Veritas™ Microplate Luminometer Method for

Promega Dual-Glo™ Luciferase

1. INTRODUCTION

The Turner BioSystems' Veritas™ Microplate Luminometer in combination with Promega's Dual-Glo Luciferase Assay kit provides a convenient, rapid, and sensitive procedure for quantifying gene expression. Transcriptional regulation, coupled to the expression of a luciferase reporter gene, is regularly used to study a wide range of biological events in cultured cells. Luciferase is an ideal reporter because of the absence of endogenous luciferase activity in mammalian cells and the functional enzyme is created immediately upon translation1,2.

The Dual-Glo™ Assay System contains two different luciferase reporter enzymes that are expressed simultaneously in each cell. Typically, the experimental reporter is correlated with the effect of specific experimental conditions, while the activity of the co-transfected "control" reporter gene provides an internal control, which serves as the baseline response. Normalizing the experimental reporter gene to the activity of an internal control minimizes the variability caused by differences in cell viability and transfection efficiency. Thus, dual reporter assays allow for more reliable interpretation of the experimental data by reducing extraneous influences. The experimental and control luciferase enzymes used in the Dual-Glo™ Luciferase Assay have distinct evolutionary origins. The firefly luciferase and the Renilla (sea pansy) luciferase can discriminate between their respective bioluminescent substrates and do not cross-activate.

The firefly and Renilla substrates maximize the sensitivity of the assay reagent and still provide a long-lasting luminescent signal. This system is widely used in the pharmaceutical and biotechnology industries because of the superior light generation and high signal to noise ratio. The Dual-Glo Reagents are compatible with commonly used culture media for mammalian cells including RPMI 1640, MEMa, DMEM, and Ham's F12.

The highly sensitive Veritas™ Microplate Luminometer is particularly suited for the Dual-Glo™ Luciferase Assay. The Veritas™ Microplate Luminometer can detect as little as 1X10-18 moles firefly luciferase enzyme using Dual-Glo™ Reagent and 1X10-17 moles Renilla enzyme using Stop & Glo® Reagent. Measurements are linear for more than 7 and 5 orders of magnitude for firefly and Renilla substrates, respectively. All tests were conducted using purified recombinant firefly luciferase enzyme (Promega Catalog# E1701) and purified Renilla recombinant enzyme (Chemicon Catalog# 4400).

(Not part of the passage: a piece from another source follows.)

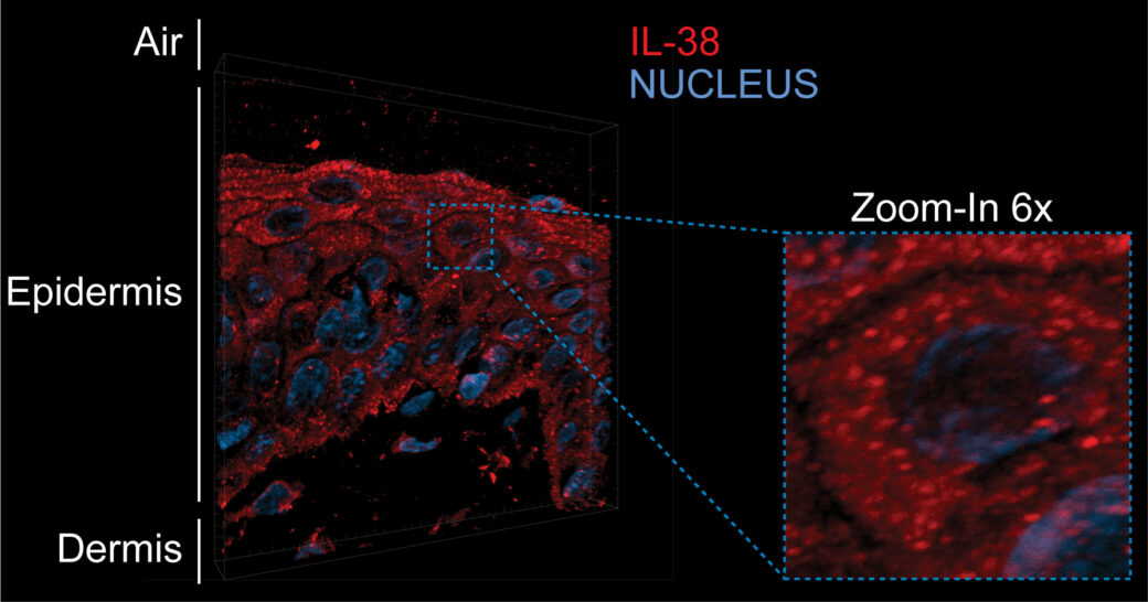 Epidermis-Erneuerung: Wichtige Funktion von Interleukin-38 entdeckt26. November 2024 Foto: © bilderzwerg – stock.adobe.com (Symbolbild) Eine Studie der Universität Genf, Schweiz, hat einen Mechanismus aufgedeckt, mit dem Interleukin-38 Kondensate bildet, die offenbar bei der Hauterneuerung eine wichtige Rolle spielen. Die Mechanismen, die der Hauterneuerung zugrunde liegen, sind noch wenig bekannt. Interleukin-38 (IL-38), ein Protein, das an der Regulierung von Entzündungsreaktionen beteiligt ist, könnte hier einen entscheidenden Beitrag leisten. Ein Team der Universität Genf (UNIGE) hat es zum ersten Mal in Form von Kondensaten in Keratinozyten, den Zellen der Epidermis, beobachtet. Das Vorhandensein von IL-38 in diesen Aggregaten ist in der Nähe der Hautoberfläche, die dem Luftsauerstoff ausgesetzt ist, verstärkt. Dieser Prozess könnte mit der Einleitung des programmierten Keratinozyten-Todes, einem natürlichen Vorgang in der Epidermis, zusammenhängen. Die Studie, die in „Cell Reports“ veröffentlicht wurde, könnte neue Perspektiven für die Erforschung der menschlichen Epidermis und der sie betreffenden Krankheiten eröffnen. „Die Art und Weise, in der sich die Epidermis ständig erneuert, ist gut dokumentiert. Die Mechanismen, die diesen Prozess steuern, sind jedoch noch immer nicht vollständig verstanden“, erklärt Gaby Palmer-Lourenço, außerordentliche Professorin an der medizinischen Fakultät der UNIGE und Hauptautorin der Studie. Eine unerwartete Rolle IL-38 ist für seine Rolle bei der Regulierung von Entzündungsreaktionen bekannt, und sein Vorhandensein in Keratinozyten wurde früher mit der Aufrechterhaltung des Immungleichgewichts der Haut in Verbindung gebracht. „In Keratinozyten in vivo haben wir festgestellt, dass IL-38 Kondensate bildet, spezialisierte Proteinaggregate mit spezifischen biochemischen Funktionen, ein Verhalten, das für dieses Protein nicht bekannt war“, berichtet Gaby Palmer-Lourenço. Noch interessanter ist, dass die Menge an IL-38 in diesen Kondensaten umso größer war, je näher die Keratinozyten an der Hautoberfläche lagen. Reaktion auf oxidativen Stress Die Blutgefäße enden in der unter der Epidermis liegenden Hautschicht. Daher ist die Menge an Sauerstoff, die den Keratinozyten zur Verfügung steht, in den basalen Schichten der Epidermis geringer als in den oberen Schichten, die direkt der uns umgebenden Luft ausgesetzt sind. Doch obwohl er für die Aufrechterhaltung der Zellfunktionen notwendig ist, verursacht Sauerstoff auch oxidativen Stress, indem er freie Radikale bildet, reaktive Moleküle, die die Zelle gefährden. „Wir konnten zeigen, dass oxidativer Stress unter Laborbedingungen tatsächlich zur Kondensation von IL-38 führt“, bestätigt Alejandro Díaz-Barreiro, Postdoktorand an der UNIGE-Fakultät für Medizin und Erstautor der Studie. Die Immunfärbung des IL-38-Proteins (rot) in menschlicher Epidermis eines gesunden Spenders zeigt körnige Strukturen, die in der Schicht der lebenden Keratinozyten, die der Luft am meisten ausgesetzt ist, intensiver sind. Die Zellkerne sind blau gefärbt. © Alejandro Diaz-Barreiro „Unsere Ergebnisse lassen vermuten, dass die zunehmende Sauerstoffkonzentration in der Nähe der Epidermisoberfläche die Bildung von Proteinkondensaten fördert und den Keratinozyten signalisiert, dass sie sich an der richtigen Stelle befinden, um in den Zelltod einzutreten“, so Palmer-Lourenço weiter. Diese Hypothese liefert neue Hinweise zur Entschlüsselung der Mechanismen der epidermalen Erneuerung. Sie könnte auch den Weg für ein besseres Verständnis der pathologischen Mechanismen ebnen, die bestimmten Hautkrankheiten wie Psoriasis oder Atopischer Dermatitis zugrunde liegen. Diese Fragen werden von der Forschergruppe in künftigen Studien weiter untersucht. Alternative zu Tiermodellen Díaz-Barreiro arbeitet bereits am nächsten Schritt: „In dem Modell, das wir bisher verwendet haben, wurden die Auswirkungen von oxidativem Stress künstlich in einer einzigen Schicht von Keratinozyten induziert, ein Szenario, das sich von der tatsächlichen Situation in der Haut unterscheidet. Wir entwickeln daher ein neues experimentelles System zur Anwendung von Sauerstoffgradienten auf die in vitro rekonstituierte menschliche Epidermis. In diesem Modell wird nur die Hautoberfläche der Umgebungsluft ausgesetzt, während die anderen Schichten geschützt sind. So können wir die Auswirkungen von oxidativem Stress auf die Erneuerung der Epidermis im Detail untersuchen.“ Da dieses neue System eine präzisere Analyse menschlicher Zellen ermöglicht, bietet es eine Alternative zu Tiermodellen, die häufig für die Untersuchung von Hautbiologie und -krankheiten verwendet werden.
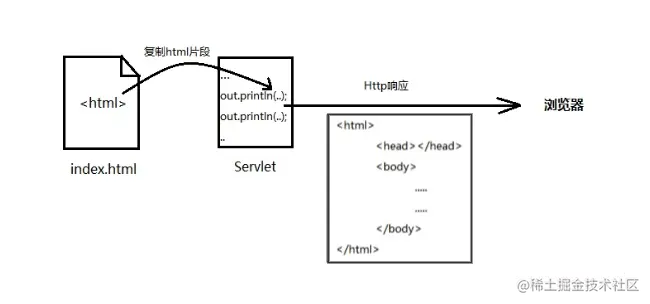 通过上面的介绍,我们知道,Servlet为了输出动态html,需要在Servlet中通过Response获取PrintWriter对象,然后调用println方法,将html输出。

Figure 1-3: Dual-Glo™ Assay was performed on the Veritas™ Microplate Luminometer using Promega's Dual-Glo™ Luciferase Assay System with recombinant firefly luciferase (1x10-18 to 1x10-11 moles) and Renilla luciferase (1x10-14 moles).

2. MATERIALS REQUIRED

  • Veritas™ Microplate Luminometer (P/N 9100-000).
  • 96-well plates, white (E&K Scientific EK-25075).
  • Promega Dual-Glo™ Luciferase Reporter Assay kit (Promega Catalog # E2920, E2940, E2980).
  • p200 pipette and pipette tips.

3. EXPERIMENT PROTOCOL

3.1 Reagent Preparation

Dual-Glo™ Luciferase Buffer: Use as supplied. Store below 25°C.

Dual-Glo™ Luciferase Substrate: Use as supplied. Store at -20°C.

Stop & Glo® Buffer: Use as supplied. Store below 25°C.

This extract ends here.